• [What is being asked]:
Work through the listing below and give again exactly the lines from the one with "(500T200) SET: Fischer-Lahr®" to the one with "The Beach Box", both ends included. All other lines and all pictures stay out.

• [Dataset records]:

....

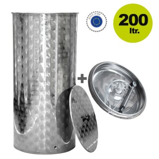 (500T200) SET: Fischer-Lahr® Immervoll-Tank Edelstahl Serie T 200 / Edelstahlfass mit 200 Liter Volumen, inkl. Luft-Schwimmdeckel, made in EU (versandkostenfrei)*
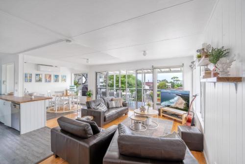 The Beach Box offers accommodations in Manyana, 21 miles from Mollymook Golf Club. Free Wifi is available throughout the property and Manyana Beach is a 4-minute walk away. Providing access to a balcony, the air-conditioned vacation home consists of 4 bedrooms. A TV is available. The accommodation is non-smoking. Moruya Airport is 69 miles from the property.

....

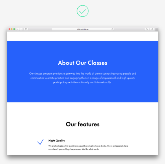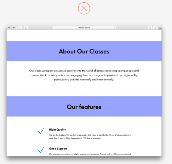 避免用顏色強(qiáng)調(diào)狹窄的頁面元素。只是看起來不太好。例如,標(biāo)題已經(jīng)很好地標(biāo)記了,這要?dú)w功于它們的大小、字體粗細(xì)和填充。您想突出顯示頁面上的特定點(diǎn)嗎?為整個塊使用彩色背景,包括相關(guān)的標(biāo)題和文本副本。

....

• [Solution to the problem]:
 (500T200) SET: Fischer-Lahr® Immervoll-Tank Edelstahl Serie T 200 / Edelstahlfass mit 200 Liter Volumen, inkl. Luft-Schwimmdeckel, made in EU (versandkostenfrei)*
 The Beach Box offers accommodations in Manyana, 21 miles from Mollymook Golf Club. Free Wifi is available throughout the property and Manyana Beach is a 4-minute walk away. Providing access to a balcony, the air-conditioned vacation home consists of 4 bedrooms. A TV is available. The accommodation is non-smoking. Moruya Airport is 69 miles from the property.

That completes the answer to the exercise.